MATERIALS PROVIDED Block Start

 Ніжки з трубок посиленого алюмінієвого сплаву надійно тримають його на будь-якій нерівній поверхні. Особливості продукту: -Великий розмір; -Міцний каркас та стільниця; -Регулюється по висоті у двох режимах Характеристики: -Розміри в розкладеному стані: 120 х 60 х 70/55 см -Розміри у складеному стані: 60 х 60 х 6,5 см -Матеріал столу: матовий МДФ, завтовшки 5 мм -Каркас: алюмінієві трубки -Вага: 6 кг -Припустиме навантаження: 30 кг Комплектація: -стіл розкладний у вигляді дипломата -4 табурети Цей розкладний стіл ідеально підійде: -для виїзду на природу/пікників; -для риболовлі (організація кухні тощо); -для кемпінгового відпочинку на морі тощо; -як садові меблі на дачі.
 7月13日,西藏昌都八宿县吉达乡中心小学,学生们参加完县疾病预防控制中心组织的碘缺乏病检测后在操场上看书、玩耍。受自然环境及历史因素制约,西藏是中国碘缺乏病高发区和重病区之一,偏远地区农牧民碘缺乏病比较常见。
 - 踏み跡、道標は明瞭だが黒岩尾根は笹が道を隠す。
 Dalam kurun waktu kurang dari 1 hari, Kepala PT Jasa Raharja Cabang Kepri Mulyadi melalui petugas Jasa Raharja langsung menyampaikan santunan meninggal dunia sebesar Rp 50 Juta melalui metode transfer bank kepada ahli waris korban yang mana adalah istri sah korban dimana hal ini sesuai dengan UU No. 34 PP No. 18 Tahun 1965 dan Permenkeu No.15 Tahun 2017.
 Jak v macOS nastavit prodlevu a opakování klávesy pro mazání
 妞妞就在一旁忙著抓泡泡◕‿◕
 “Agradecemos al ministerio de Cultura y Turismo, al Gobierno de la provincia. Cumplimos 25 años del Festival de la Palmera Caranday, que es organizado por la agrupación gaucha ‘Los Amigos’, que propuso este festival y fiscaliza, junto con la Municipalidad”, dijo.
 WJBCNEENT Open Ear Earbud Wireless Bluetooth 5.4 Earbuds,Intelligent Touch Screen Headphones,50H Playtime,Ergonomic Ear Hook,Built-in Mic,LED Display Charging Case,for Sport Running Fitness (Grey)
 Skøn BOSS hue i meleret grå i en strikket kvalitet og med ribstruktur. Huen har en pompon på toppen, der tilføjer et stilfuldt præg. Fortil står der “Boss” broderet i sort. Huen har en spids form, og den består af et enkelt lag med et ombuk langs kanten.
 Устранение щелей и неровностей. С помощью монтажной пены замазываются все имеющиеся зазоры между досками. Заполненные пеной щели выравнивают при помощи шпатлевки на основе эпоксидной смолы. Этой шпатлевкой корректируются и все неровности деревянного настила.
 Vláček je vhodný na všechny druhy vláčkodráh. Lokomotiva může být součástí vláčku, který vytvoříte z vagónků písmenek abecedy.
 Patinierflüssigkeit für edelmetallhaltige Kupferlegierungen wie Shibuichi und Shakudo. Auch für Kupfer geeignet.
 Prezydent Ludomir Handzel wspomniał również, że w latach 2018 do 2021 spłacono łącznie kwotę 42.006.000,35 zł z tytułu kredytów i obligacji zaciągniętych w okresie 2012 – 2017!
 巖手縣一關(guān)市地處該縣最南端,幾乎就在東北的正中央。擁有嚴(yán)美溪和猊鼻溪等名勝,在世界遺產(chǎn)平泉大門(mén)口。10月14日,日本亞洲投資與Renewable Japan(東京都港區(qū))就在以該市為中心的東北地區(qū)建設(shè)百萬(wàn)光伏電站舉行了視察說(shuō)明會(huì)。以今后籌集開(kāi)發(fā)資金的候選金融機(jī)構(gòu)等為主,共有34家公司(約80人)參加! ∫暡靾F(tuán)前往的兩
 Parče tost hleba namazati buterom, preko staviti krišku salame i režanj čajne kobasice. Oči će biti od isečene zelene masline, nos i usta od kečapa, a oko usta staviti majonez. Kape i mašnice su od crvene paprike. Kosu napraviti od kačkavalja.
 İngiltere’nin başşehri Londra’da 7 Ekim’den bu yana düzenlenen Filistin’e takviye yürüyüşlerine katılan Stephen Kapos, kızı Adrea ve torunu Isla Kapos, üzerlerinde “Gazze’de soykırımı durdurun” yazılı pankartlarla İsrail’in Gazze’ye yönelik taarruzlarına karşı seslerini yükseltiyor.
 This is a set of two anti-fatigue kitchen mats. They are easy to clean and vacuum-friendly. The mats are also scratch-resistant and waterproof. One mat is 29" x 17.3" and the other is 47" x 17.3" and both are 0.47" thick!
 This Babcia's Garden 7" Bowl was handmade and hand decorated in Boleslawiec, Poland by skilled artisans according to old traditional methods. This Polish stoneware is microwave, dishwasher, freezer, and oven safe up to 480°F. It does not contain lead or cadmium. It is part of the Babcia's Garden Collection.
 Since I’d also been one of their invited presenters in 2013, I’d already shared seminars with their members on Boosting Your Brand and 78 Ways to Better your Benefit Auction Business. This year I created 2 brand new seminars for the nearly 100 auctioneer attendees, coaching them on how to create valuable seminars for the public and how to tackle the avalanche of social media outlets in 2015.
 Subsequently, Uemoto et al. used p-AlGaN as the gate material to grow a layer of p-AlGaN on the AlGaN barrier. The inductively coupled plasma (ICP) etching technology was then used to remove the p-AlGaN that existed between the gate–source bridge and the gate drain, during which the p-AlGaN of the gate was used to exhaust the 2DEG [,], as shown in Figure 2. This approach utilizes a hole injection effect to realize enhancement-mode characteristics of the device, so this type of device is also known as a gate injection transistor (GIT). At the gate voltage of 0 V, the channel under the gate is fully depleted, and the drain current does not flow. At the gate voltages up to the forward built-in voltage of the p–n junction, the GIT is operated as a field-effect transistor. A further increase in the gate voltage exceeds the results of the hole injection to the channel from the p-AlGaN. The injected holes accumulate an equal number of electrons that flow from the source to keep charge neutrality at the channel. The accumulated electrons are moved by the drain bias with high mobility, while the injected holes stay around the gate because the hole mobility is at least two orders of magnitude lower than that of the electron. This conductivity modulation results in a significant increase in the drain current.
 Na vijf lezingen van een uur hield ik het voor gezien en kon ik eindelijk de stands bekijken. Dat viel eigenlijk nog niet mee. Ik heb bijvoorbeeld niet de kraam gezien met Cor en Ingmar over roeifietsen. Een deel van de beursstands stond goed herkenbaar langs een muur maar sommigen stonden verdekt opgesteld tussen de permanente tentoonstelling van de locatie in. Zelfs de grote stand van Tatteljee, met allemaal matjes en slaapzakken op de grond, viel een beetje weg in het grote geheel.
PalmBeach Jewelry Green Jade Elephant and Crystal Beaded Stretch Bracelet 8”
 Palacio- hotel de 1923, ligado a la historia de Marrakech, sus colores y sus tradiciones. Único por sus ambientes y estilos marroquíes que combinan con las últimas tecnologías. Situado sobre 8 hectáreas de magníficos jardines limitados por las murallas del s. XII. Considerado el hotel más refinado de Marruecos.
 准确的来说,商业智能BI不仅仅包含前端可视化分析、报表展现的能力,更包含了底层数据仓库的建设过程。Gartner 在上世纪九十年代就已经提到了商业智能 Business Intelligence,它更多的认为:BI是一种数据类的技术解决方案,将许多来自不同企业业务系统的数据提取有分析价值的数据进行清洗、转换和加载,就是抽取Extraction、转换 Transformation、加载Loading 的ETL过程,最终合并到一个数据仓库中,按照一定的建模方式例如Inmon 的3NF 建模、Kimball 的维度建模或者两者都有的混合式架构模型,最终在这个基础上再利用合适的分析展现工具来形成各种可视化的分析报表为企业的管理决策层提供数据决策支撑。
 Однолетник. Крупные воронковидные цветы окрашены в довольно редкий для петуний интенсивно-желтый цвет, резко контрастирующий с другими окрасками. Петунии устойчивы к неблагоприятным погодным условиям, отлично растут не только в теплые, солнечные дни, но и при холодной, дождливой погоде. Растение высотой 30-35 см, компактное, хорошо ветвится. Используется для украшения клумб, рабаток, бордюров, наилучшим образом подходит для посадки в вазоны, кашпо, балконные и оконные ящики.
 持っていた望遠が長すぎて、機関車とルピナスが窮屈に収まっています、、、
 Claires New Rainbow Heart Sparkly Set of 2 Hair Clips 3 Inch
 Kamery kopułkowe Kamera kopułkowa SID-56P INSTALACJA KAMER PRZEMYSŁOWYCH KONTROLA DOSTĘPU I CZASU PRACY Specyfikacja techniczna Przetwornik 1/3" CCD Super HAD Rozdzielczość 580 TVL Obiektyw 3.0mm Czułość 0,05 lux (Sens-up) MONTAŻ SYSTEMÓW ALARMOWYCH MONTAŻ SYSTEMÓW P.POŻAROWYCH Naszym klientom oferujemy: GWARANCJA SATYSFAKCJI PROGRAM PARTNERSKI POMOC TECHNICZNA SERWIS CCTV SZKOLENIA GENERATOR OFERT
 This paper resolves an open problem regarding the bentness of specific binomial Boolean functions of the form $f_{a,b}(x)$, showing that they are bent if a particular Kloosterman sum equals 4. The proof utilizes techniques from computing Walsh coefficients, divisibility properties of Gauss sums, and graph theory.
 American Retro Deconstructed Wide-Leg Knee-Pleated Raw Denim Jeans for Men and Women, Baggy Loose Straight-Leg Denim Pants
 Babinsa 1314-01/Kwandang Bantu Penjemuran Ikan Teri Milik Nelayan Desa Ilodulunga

MATERIALS PROVIDED Block End

Beginning with the line holding "妞妞就在一旁忙著抓泡泡◕‿◕" and ending with the line holding "al ministerio de", write out the stretch of material above exactly; add no further lines.

◆ **RESPONSE TO THE EXERCISE**:
 妞妞就在一旁忙著抓泡泡◕‿◕
 “Agradecemos al ministerio de Cultura y Turismo, al Gobierno de la provincia. Cumplimos 25 años del Festival de la Palmera Caranday, que es organizado por la agrupación gaucha ‘Los Amigos’, que propuso este festival y fiscaliza, junto con la Municipalidad”, dijo.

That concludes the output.